Toda cidade que cresce carrega uma promessa. Mais empresas, mais edifícios, mais circulação de pessoas, mais eventos, mais investimentos e mais oportunidades. O crescimento urbano costuma ser visto como sinal de desenvolvimento, e de fato é. Mas existe uma pergunta que nem sempre acompanha esse avanço com a mesma velocidade: estamos crescendo com segurança?
Uma cidade não é feita apenas de obras, ruas, fachadas e empreendimentos. Ela é feita de pessoas que moram, trabalham, estudam, circulam, consomem e constroem suas histórias nesses espaços. Por isso, quando falamos em desenvolvimento urbano, também precisamos falar sobre prevenção, responsabilidade técnica e proteção à vida. Crescer sem pensar nisso é apenas acumular risco em silêncio.

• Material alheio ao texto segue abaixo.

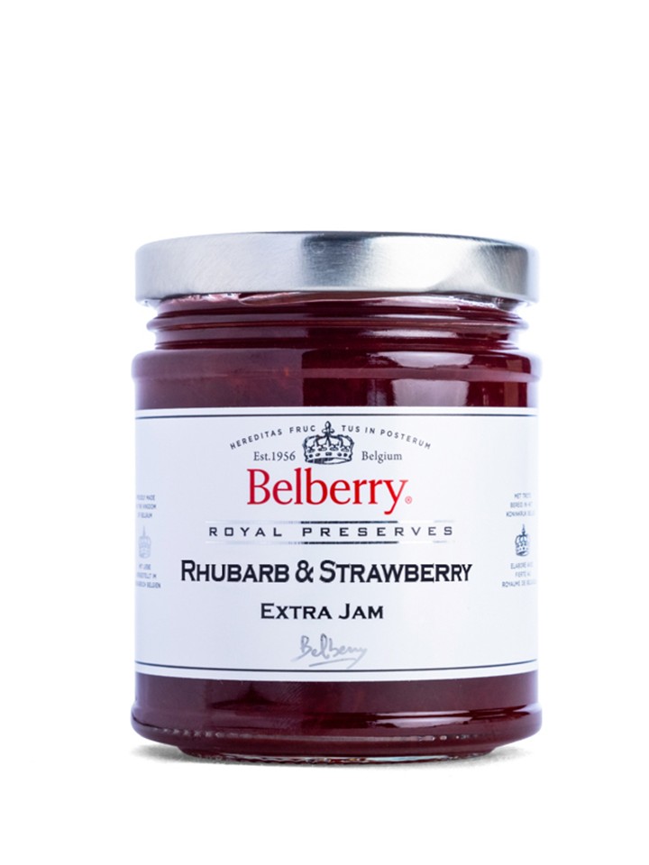 Sestavine: sladkor, rabarbara (EU) 32.50%, jagode (EU/izven EU) 22%, želirno sredstvo (pektin), limonin sok.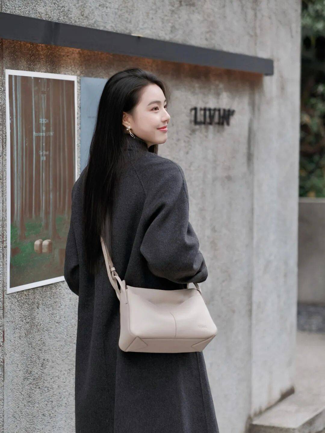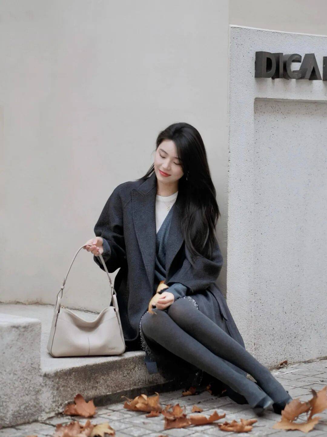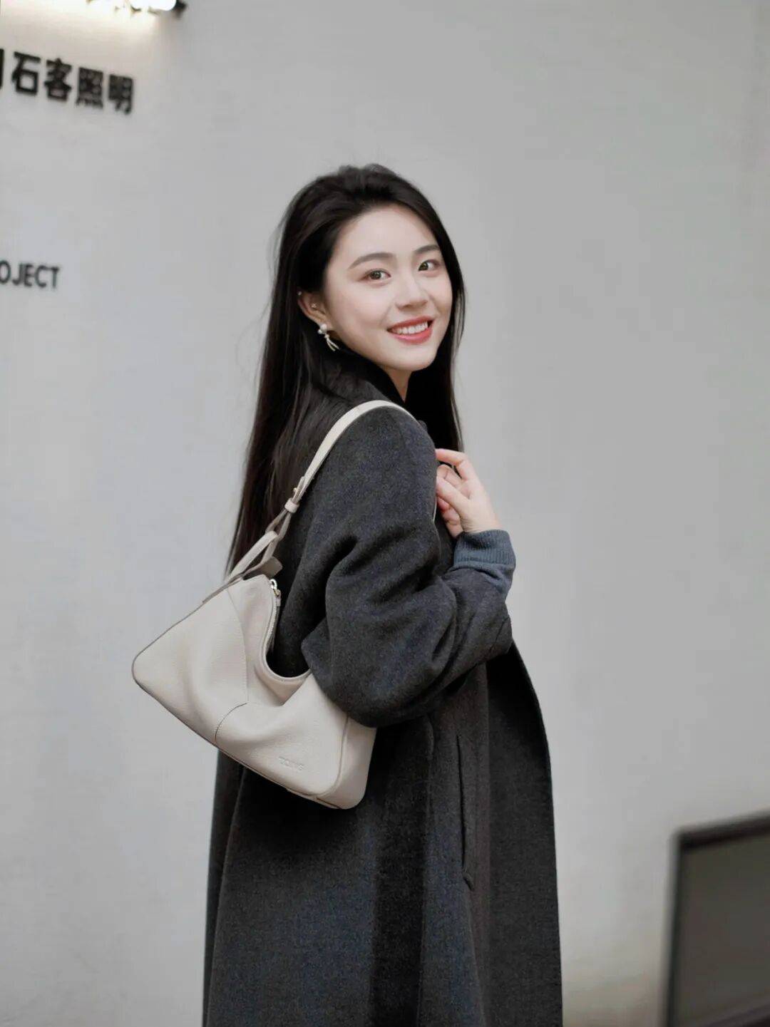 穿大衣拍照侧站时把包挎在身上,身体向前一点,头轻轻回过来对着镜头笑,大衣的背部线条和侧颜一起出现,画面会很耐看,也很出片温柔有气质。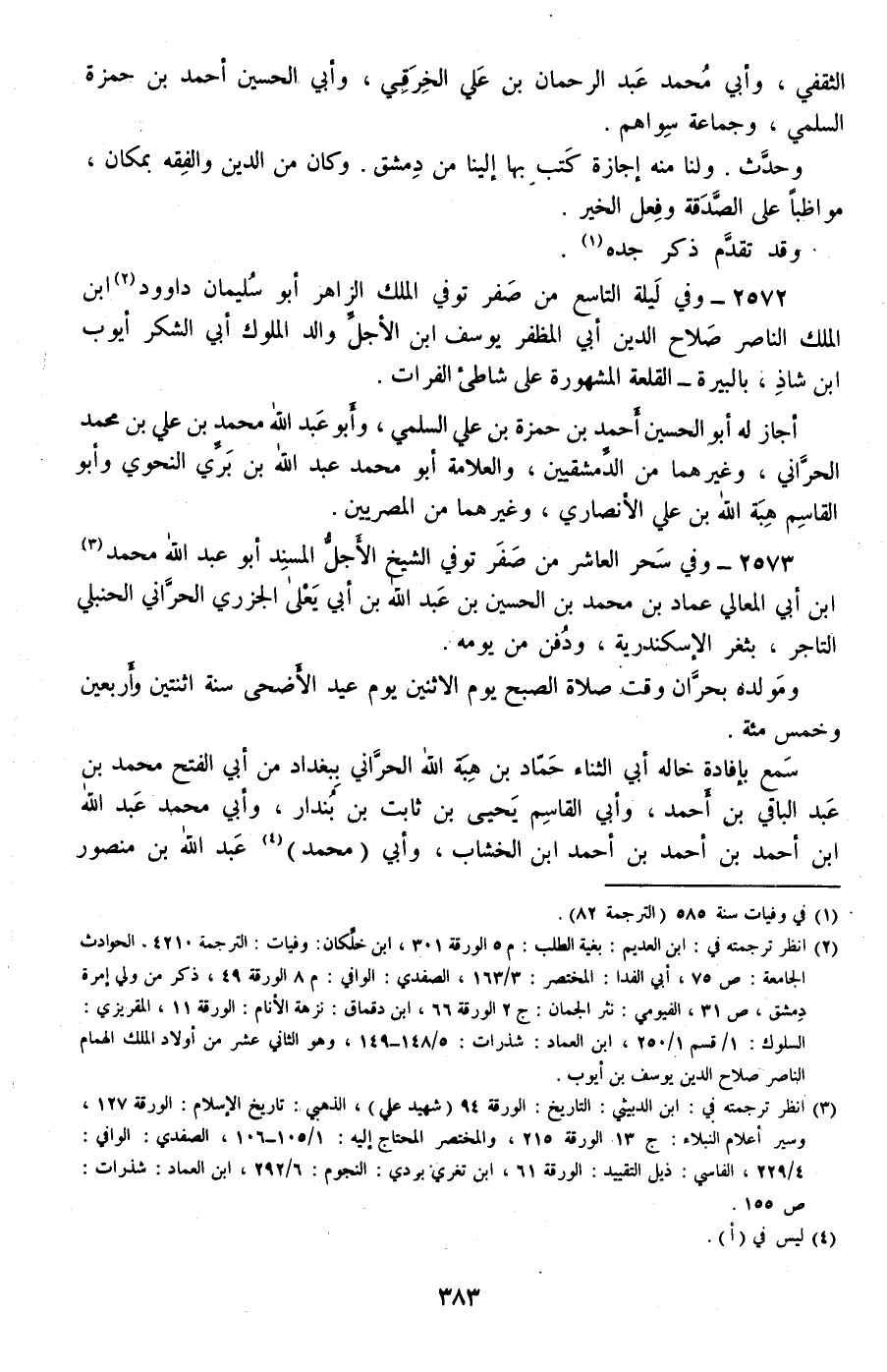 2573 - وفي سحر العاشر من صفر توفي الشيخ الأجل المسند أبو عبد الله محمد بن أبي المعالي عماد بن محمد بن الحسين بن عبد الله بن أبي يعلى الجزري الحراني الحنبلي التاجر، بثغر الإسكندرية، ودفن من يومه.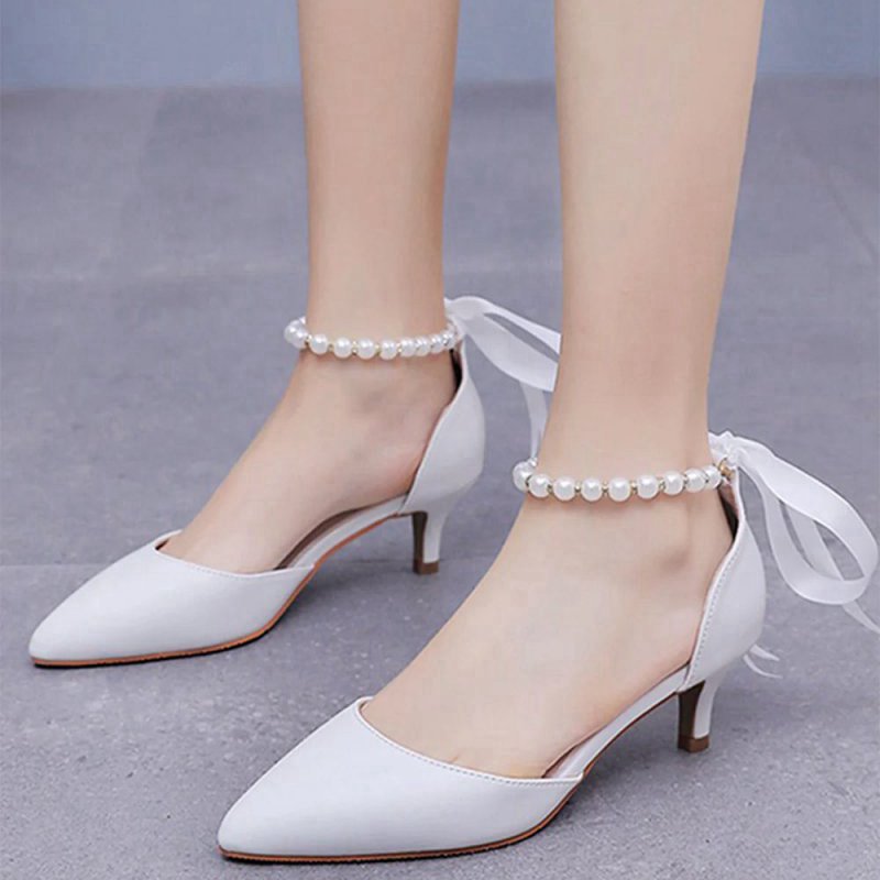 Add a touch of glamour to your next event with the Satin Pearl Ribbon Tie Pointed Toe Ankle Strap High Heels. These elegant heels feature a sleek satin upper adorned with ribbon ties and faux pearls, creating a luxurious and sophisticated look. The pointed toe and stiletto heel offer a chic silhouette, while the one-strap buckle ensures a secure and adjustable fit. These heels combine timeless style with modern flair, perfect for proms, parties, or any formal occasion.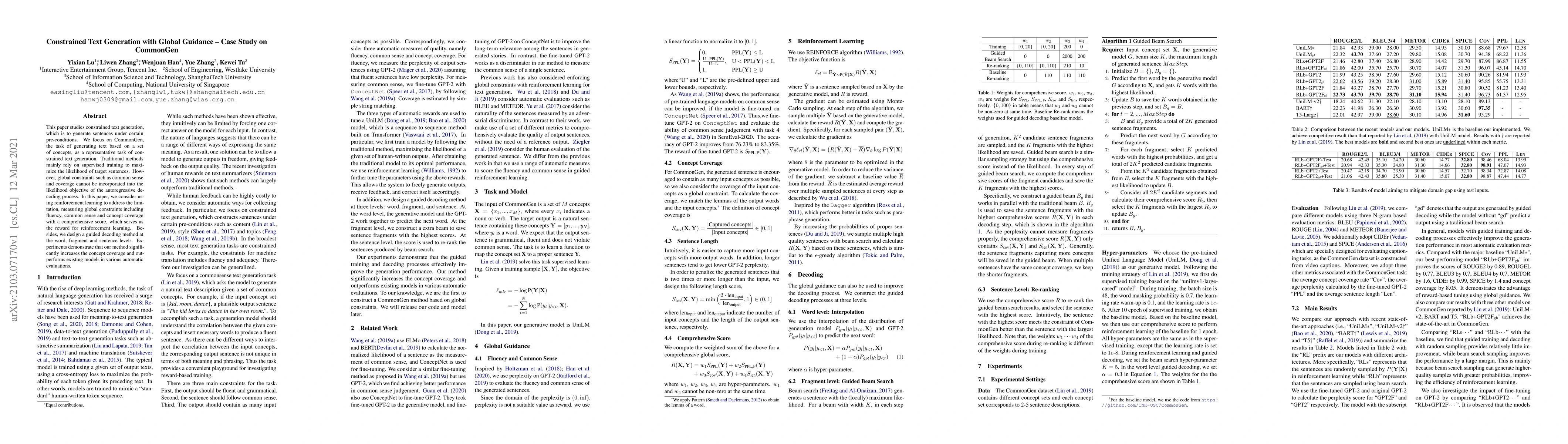 This paper explores constrained text generation using reinforcement learning to incorporate global constraints like fluency and common sense into a guided decoding method. It demonstrates significant improvements in concept coverage over existing models through its innovative approach.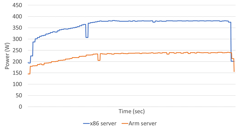 図2:実行時における従来型サーバーとArmサーバーの消費電力比較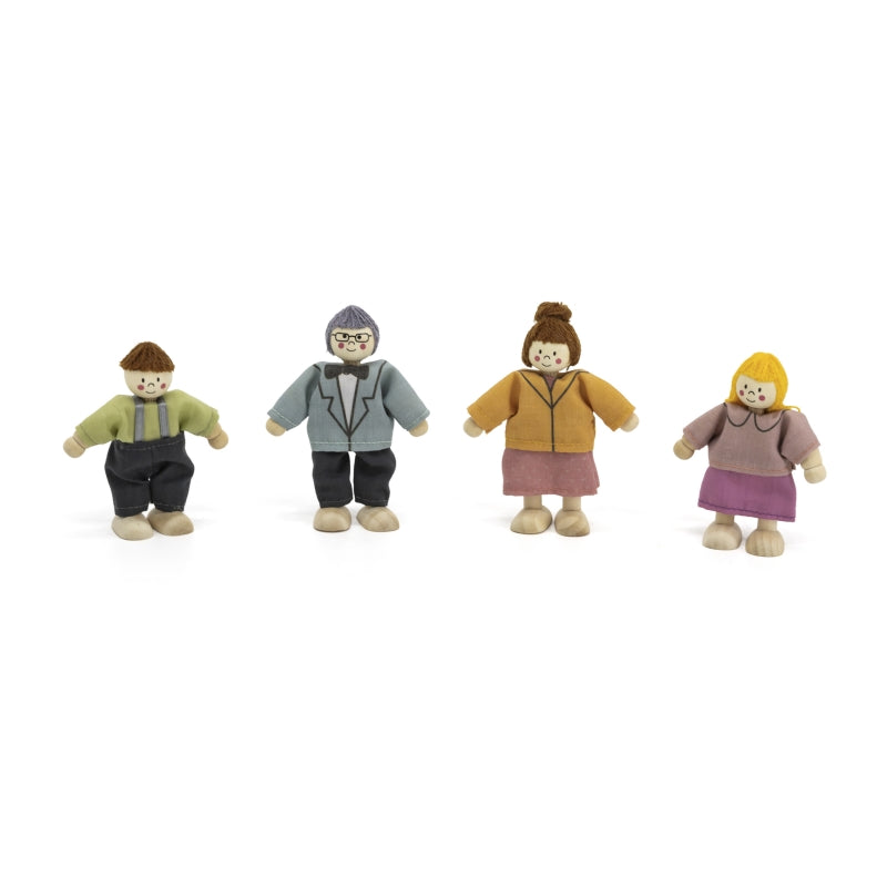 Medinių lėlių su medžiaginiais drabužiais rinkinys 4 vnt, VIGA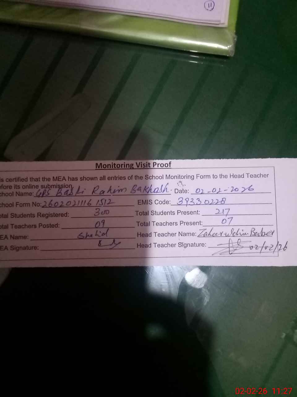 | EMIS Code: 39330228 | Name of School: GPS BASTI RAHIM BUKHSH RENALA KHURD | |||

Durante muito tempo, a prevenção contra incêndio foi tratada como uma etapa burocrática. Um documento a ser aprovado, uma exigência do Corpo de Bombeiros, uma obrigação para liberar determinada atividade. Mas essa visão é pequena diante da importância real do tema. Um projeto de prevenção contra incêndio bem pensado não existe apenas para cumprir norma. Ele existe para organizar a segurança de uma edificação antes que a emergência aconteça.
Em uma cidade em expansão, essa discussão se torna ainda mais urgente. Novos prédios, centros comerciais, indústrias, escolas, clínicas, restaurantes e espaços de convivência precisam nascer preparados. Ao mesmo tempo, edificações antigas precisam ser olhadas com responsabilidade, porque muitas foram construídas em contextos técnicos, urbanos e normativos muito diferentes dos atuais. O desafio não é apenas construir mais. É construir melhor, adequar com inteligência e planejar com visão de longo prazo.
Quando uma edificação não possui rotas de fuga adequadas, sinalização eficiente, iluminação de emergência, sistemas de combate, compartimentação, controle de materiais e manutenção correta, o risco não aparece todos os dias. Ele permanece invisível. E justamente por ser invisível, muitas vezes é ignorado. A prevenção contra incêndio é uma daquelas áreas em que o melhor resultado é aquilo que não vira notícia: o incêndio que não se espalha, a evacuação que acontece com segurança, o patrimônio que é preservado, a vida que segue.
Neste mês, em que o país volta seus olhos para campanhas de conscientização sobre segurança, vale ampliar a reflexão. Enxergar o outro também é pensar em quem vai ocupar uma edificação depois que ela estiver pronta. É pensar na criança que estuda ali, no trabalhador que passa oito horas naquele espaço, no cliente que entra sem conhecer a estrutura, no morador que confia que aquele prédio foi projetado para protegê-lo.
Prevenção contra incêndio também é planejamento urbano. Também é valorização imobiliária. Também é responsabilidade de quem projeta, constrói, aprova, administra e ocupa os espaços. Uma cidade preparada não espera a tragédia para discutir segurança. Ela incorpora esse tema nas decisões técnicas, nos investimentos, nas reformas, nos novos empreendimentos e na cultura de quem participa do seu desenvolvimento.
Cascavel cresce, se transforma e assume cada vez mais protagonismo regional. Esse movimento é positivo e necessário. Mas quanto maior a cidade se torna, maior também deve ser sua maturidade para entender que segurança não pode ser tratada como detalhe final de obra. Ela precisa estar na origem das decisões.